Sitting with your spine straight is the best way to go as it allows for energy to pass up the spine easier. Those with back issue or that cant sit with their spine upright for long periods of time can lean up against something like the couch. If sitting on the ground its advised to sit on a cushion to promote straightness of the spine.

What is the best way to meditate in bed?

Best and quickest way to answer this one and this is just recommendation… don’t if you don’t have to.

And this is basically around if you’re wanting to start a meditation practice and you don’t have the particular goals of improving your sleep or because of a physical injury.

I would suggest picking another place in your home, room or apartment that you can regularly practice. This way you will build up energy in that space and soon enough your subconscious will recognize that space as your practice space just like it recognizes your bed as the place where you’re triggered to sleep.

Best meditation practice for falling asleep

There is no one-size-fits-all answer to this question, as the best meditation practice for bedtime will vary depending on your individual goals and needs. However, some general tips on how to get the most out of your bedtime meditation practice include:

1.Lying down on your back with your legs slightly apart so they’re not touching i’ve found to be the optimal position. You wont get distracted by body heat this way. Also with your arms down and away from your body. This is also known as the corpse pose.

2. Perform a physical body scan and if uncomfortable in anyway, adjust yourself.

3. Perform an energy body scan and feel any discomfort in your body, these types of sensations vary greatly but if you feel tension anywhere we want to try and releive that somewhat. If you feel discomfort, place your attention on the space and perform a deep breath with the intension of clearing that. Stay in the present moment with your awareness in this single point while deep breathing. Complete this as many times as you need to.

3. Once you feel yourself energetically more relaxed, focus on your breath, and count each inhale and exhale. If your mind starts to wander, simply bring your attention back to your breath.

4. If you dont fall asleep during the practice and decide to stop, take a few more deep breaths and give thanks for the practice. Your body will be more relaxed and you will be able to transition into sleep easier.

A Guided Sleep Meditation

If you’re needing a little help with the meditation and trying to get to sleep is your goal, looking into brainwave entrainment would be helpful.

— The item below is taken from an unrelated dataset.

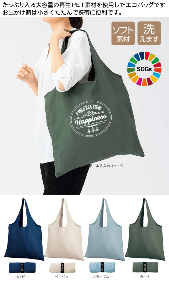 テラッソ 再生PETマルシェエコバッグは再生素材100%の生地を使用の地球にやさしいビッグエコバッグです。ソフト再生PET素材を使用した やわらかく高級感のあるエコバッグシリーズ。使いやすさで一番人気のサイズ!小さくたたんでポケットに入れて持ち運べます。SDGs 対応の社会に貢献する商品としてノベルティ、販促品にお薦めします。

Six Steps to Sleep offer a great mini program with guided sleep meditations that incorporate brainwave entrainment.

Using the meditation audios is really easy. All you have to do is put on a pair of headphones, relax, press play and let the frequencies do the work!

The Guided Sleep Meditations go for 30 mins each and have been created by brain entrainment specialists to combat insomnia. All the audios are instantly downloadable.


From whats been discussed above the answer is definitely yes, but for optimal results on what you’re trying to achieve, it depends.

In short if you are trying to develop your meditation practice, practicing in bed might not be the best space to do that. On the other hand if you are trying to use meditation or mindfulness to get to sleep, this is a good idea.

There are so many different meditation practices out there, its about finding the right one for you. You might want to consider a meditation teacher, there are many out there that are very good at what they do.

The benefits of meditation are far reaching, even just performing a short meditation practice before falling asleep will help to relax you and reduce stress.